The Collections Configuration File

A path to a collections configuration file must be passed in to the Collection Manager at startup via the --collections-path parameter. Below is an example of what the collections configuration file could look like:

# collections.yaml

collections:

    # The identifier for the dataset as it will appear in NEXUS.
  - id: "CSR-RL06-Mascons_LAND"

    # The path to watch for NetCDF granule files to be associated with this dataset. 
    # This can also be an S3 path prefix, for example "s3://my-bucket/path/to/granules/"
    path: "/data/CSR-RL06-Mascons-land/" 

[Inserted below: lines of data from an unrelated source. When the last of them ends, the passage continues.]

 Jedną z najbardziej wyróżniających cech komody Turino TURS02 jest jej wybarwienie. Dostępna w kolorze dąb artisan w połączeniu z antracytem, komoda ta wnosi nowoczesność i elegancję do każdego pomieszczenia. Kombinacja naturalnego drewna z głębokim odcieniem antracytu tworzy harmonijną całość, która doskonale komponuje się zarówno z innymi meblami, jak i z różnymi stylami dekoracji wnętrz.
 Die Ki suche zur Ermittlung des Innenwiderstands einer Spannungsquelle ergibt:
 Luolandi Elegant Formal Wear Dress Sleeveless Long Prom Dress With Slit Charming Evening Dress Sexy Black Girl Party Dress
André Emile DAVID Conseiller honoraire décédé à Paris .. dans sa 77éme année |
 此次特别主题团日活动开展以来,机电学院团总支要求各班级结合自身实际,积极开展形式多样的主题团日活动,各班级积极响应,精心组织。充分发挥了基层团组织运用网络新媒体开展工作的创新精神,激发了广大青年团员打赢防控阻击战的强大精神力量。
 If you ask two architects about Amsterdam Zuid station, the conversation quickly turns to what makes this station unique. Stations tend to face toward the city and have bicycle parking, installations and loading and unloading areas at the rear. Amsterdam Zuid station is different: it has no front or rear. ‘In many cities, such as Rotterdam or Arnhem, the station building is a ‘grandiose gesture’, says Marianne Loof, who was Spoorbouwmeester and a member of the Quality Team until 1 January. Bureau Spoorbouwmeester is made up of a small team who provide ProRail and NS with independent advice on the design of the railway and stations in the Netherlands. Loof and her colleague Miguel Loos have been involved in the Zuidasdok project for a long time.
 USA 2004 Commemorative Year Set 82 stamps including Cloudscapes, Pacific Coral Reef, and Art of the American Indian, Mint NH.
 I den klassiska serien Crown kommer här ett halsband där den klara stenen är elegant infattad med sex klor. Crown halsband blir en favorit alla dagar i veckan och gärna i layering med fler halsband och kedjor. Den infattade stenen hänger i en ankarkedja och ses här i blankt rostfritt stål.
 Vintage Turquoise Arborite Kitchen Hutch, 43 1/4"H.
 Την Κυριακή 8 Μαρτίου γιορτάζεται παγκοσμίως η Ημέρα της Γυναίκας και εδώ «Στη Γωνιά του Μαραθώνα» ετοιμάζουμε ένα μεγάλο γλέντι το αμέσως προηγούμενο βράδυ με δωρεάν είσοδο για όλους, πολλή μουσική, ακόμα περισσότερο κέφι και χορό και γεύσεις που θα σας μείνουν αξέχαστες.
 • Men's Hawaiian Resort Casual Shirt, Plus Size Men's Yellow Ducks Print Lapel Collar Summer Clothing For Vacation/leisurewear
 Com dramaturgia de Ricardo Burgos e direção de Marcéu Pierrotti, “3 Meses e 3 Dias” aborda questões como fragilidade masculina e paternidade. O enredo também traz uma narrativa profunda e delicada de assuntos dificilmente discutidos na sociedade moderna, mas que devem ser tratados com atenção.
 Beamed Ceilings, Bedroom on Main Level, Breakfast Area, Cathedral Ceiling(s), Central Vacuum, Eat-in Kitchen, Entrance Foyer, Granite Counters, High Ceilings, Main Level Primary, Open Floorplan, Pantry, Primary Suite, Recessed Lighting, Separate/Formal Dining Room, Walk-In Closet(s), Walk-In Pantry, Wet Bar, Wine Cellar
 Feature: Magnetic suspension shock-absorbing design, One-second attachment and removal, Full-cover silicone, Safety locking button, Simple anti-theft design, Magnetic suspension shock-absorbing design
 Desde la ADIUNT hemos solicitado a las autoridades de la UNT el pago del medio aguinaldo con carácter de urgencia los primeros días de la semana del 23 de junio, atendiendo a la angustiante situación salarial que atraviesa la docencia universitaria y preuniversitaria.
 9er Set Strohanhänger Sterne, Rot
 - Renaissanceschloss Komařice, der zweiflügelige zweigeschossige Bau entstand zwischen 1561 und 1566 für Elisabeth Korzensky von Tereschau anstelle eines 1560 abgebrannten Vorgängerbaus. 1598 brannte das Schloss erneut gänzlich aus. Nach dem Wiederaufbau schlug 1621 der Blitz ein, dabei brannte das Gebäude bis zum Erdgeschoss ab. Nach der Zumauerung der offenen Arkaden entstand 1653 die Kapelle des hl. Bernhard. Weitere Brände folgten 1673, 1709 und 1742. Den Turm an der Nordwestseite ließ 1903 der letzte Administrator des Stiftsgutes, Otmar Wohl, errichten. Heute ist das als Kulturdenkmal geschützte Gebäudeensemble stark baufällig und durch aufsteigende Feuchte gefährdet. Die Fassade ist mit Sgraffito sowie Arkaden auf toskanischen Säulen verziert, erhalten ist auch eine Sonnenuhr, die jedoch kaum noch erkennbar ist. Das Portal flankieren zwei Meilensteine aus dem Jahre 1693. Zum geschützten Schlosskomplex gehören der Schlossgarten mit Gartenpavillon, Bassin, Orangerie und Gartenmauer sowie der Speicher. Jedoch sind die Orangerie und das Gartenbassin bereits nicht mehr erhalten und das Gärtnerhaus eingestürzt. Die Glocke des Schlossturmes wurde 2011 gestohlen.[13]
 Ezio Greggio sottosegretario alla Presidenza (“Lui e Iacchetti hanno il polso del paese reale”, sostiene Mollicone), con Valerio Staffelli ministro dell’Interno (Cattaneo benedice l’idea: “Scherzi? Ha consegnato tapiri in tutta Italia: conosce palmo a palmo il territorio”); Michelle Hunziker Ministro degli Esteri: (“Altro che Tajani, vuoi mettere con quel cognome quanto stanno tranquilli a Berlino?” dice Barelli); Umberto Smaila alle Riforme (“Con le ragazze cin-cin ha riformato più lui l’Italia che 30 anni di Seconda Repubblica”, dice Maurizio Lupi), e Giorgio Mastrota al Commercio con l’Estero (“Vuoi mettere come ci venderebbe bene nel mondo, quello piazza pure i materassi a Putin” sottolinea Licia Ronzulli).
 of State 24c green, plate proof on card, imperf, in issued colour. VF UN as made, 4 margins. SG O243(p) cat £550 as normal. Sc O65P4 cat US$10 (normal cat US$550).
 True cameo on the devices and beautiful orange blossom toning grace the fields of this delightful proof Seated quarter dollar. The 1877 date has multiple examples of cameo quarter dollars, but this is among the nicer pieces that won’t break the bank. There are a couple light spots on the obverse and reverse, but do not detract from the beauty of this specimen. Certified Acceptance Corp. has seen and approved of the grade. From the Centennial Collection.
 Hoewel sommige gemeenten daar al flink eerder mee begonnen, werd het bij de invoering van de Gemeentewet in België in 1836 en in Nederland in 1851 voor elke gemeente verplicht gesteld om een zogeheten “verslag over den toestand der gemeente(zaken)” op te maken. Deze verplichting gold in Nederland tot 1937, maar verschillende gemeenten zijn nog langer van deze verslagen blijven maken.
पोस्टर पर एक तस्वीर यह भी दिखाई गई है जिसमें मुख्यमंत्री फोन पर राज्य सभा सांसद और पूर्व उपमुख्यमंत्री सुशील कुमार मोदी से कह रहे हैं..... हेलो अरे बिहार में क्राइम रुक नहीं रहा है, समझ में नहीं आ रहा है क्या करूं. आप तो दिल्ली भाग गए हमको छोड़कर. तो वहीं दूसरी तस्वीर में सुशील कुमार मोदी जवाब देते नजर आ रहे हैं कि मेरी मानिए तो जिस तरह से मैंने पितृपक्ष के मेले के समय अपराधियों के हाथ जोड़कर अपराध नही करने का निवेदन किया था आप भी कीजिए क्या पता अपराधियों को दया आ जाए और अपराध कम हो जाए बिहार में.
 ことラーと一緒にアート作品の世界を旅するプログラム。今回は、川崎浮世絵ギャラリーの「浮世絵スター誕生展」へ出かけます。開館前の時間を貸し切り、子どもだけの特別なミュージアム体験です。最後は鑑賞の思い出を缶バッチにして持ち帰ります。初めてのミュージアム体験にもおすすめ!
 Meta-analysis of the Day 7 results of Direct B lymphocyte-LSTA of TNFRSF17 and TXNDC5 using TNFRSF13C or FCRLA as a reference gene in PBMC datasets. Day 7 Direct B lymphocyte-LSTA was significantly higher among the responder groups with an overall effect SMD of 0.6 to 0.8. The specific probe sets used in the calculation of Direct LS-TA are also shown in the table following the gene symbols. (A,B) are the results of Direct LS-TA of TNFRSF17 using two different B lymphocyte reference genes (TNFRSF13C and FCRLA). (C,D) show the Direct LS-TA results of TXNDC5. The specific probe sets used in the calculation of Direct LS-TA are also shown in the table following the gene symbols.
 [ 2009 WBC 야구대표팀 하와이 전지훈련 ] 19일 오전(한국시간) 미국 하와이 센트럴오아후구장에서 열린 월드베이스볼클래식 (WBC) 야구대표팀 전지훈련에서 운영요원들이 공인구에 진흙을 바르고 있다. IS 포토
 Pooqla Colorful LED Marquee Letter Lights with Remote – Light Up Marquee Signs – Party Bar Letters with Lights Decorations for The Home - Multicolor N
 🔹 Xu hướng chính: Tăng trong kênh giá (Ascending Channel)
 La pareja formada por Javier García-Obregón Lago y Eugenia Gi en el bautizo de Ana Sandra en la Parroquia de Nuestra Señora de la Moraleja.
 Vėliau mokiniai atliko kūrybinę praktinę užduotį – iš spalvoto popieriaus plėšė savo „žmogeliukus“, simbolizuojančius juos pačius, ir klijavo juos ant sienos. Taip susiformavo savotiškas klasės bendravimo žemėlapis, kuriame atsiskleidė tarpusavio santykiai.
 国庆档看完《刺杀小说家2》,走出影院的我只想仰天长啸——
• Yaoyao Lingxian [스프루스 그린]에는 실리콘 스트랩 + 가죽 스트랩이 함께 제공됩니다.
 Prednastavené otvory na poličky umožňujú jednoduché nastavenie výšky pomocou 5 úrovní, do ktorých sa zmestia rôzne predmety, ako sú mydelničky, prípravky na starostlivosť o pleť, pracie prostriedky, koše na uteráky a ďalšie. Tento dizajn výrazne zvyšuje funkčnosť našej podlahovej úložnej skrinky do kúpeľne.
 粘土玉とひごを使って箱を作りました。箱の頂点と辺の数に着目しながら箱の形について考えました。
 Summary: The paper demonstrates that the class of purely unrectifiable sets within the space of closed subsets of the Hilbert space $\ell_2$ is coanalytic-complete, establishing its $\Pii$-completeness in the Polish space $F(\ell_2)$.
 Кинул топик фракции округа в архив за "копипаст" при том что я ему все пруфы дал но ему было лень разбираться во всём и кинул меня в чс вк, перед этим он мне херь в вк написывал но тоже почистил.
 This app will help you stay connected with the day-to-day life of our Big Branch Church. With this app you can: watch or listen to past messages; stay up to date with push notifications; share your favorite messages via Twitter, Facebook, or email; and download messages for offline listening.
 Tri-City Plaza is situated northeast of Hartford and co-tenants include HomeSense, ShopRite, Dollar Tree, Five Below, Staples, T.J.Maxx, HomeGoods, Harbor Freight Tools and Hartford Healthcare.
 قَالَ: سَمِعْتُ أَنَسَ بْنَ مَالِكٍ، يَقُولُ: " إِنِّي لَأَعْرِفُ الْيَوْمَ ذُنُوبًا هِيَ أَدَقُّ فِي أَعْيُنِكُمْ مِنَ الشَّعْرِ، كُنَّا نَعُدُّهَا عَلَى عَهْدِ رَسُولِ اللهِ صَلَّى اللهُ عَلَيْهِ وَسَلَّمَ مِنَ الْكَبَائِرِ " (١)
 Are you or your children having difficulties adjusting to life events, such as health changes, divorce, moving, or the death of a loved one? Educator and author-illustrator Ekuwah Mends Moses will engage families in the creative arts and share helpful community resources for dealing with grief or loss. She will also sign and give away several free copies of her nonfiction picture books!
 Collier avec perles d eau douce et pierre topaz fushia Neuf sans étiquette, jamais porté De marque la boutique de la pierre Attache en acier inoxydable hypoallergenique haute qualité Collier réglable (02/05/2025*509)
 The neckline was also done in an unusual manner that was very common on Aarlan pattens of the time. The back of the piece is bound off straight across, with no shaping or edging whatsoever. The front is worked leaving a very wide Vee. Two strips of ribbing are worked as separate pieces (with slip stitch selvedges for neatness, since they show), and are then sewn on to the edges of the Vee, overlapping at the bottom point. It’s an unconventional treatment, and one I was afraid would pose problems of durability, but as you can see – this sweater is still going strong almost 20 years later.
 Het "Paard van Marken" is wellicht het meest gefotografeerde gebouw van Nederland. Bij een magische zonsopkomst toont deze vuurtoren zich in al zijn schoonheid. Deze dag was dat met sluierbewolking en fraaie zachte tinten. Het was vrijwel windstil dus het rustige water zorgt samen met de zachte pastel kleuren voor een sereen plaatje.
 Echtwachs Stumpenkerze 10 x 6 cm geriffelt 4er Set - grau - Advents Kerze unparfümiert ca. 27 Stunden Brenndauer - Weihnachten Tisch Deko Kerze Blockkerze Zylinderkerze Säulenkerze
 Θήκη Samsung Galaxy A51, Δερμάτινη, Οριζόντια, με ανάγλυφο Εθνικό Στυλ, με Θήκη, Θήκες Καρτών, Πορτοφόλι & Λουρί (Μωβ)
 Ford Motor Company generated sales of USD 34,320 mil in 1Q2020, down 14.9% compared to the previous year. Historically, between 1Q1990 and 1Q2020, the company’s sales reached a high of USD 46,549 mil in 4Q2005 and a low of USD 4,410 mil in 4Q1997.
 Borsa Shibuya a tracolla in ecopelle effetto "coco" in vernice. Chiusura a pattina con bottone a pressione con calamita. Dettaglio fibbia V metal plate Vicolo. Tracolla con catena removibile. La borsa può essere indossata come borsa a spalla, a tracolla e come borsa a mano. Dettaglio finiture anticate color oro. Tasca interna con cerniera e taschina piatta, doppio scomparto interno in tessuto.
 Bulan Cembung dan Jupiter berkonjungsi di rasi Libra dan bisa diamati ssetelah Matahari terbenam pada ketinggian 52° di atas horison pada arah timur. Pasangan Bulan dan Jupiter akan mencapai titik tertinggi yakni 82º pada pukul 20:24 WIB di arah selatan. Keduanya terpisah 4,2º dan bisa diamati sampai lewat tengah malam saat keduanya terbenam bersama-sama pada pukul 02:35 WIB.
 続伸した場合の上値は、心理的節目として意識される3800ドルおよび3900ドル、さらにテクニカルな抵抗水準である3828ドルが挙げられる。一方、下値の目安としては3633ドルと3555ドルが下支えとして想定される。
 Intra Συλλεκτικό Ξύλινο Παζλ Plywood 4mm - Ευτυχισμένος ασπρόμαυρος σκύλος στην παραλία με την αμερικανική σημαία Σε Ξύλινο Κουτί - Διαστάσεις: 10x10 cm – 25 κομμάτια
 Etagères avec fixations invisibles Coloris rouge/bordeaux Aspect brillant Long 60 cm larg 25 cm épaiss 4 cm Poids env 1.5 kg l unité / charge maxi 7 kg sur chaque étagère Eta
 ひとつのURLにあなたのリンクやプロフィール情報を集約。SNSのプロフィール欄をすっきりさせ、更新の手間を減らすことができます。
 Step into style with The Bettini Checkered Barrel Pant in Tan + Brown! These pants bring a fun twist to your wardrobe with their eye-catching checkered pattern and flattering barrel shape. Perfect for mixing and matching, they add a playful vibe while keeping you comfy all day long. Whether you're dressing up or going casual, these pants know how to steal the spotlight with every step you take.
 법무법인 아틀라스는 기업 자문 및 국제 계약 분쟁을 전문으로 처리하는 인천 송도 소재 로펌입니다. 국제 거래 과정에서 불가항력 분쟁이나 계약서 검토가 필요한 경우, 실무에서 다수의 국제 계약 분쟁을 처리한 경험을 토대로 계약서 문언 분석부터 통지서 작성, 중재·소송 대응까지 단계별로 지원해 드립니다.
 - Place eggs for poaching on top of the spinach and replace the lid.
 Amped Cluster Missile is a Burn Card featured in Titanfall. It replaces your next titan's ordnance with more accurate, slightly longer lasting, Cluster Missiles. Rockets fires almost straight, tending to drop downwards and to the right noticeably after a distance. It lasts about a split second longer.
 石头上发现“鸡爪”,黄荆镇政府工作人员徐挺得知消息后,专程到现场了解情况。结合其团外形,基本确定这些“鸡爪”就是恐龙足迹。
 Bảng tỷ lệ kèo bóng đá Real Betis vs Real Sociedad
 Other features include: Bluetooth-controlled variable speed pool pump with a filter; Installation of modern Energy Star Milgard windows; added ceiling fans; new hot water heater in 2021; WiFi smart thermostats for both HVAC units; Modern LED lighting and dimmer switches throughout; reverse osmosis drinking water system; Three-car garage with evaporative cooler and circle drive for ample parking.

    # An integer priority level to use when publishing messages to RabbitMQ for historical data. 
    # Higher number = higher priority. Scale is 1-10.
    priority: 1

    # An integer priority level to use when publishing messages to RabbitMQ for forward-processing data.
    # Higher number = higher priority. Scale is 1-10.
    forward-processing-priority: 5 

    # The type of project to use when processing granules in this collection.
    # Accepted values are Grid, ECCO, TimeSeries, or Swath.
    projection: Grid

    dimensionNames:
      # The name of the primary variable
      variable: lwe_thickness

      # The name of the latitude variable
      latitude: lat

      # The name of the longitude variable
      longitude: lon

      # The name of the depth variable (only include if depth variable exists)
      depth: Z 
      
      # The name of the time variable (only include if time variable exists)
      time: Time

    # This section is an index of each dimension on which the primary variable is dependent, mapped to their desired slice sizes.
    slices:
      Z: 1 
      Time: 1
      lat: 60
      lon: 60

 - id: ocean-bottom-pressure 
    path: /data/OBP/
    priority: 6
    forward-processing-priority: 7
    projection: ECCO
    dimensionNames:
      latitude: YC
      longitude: XC
      time: time
      # "tile" is required when using the ECCO projection. This refers to the name of the dimension containing the ECCO tile index.
      tile: tile
      variable: OBP
    slices:
      time: 1
      tile: 1
      i: 30
      j: 30

Note that the dimensions listed under slices will not necessarily match the values of the properties under dimensionNames. This is because sometimes the actual dimensions are referenced by index variables.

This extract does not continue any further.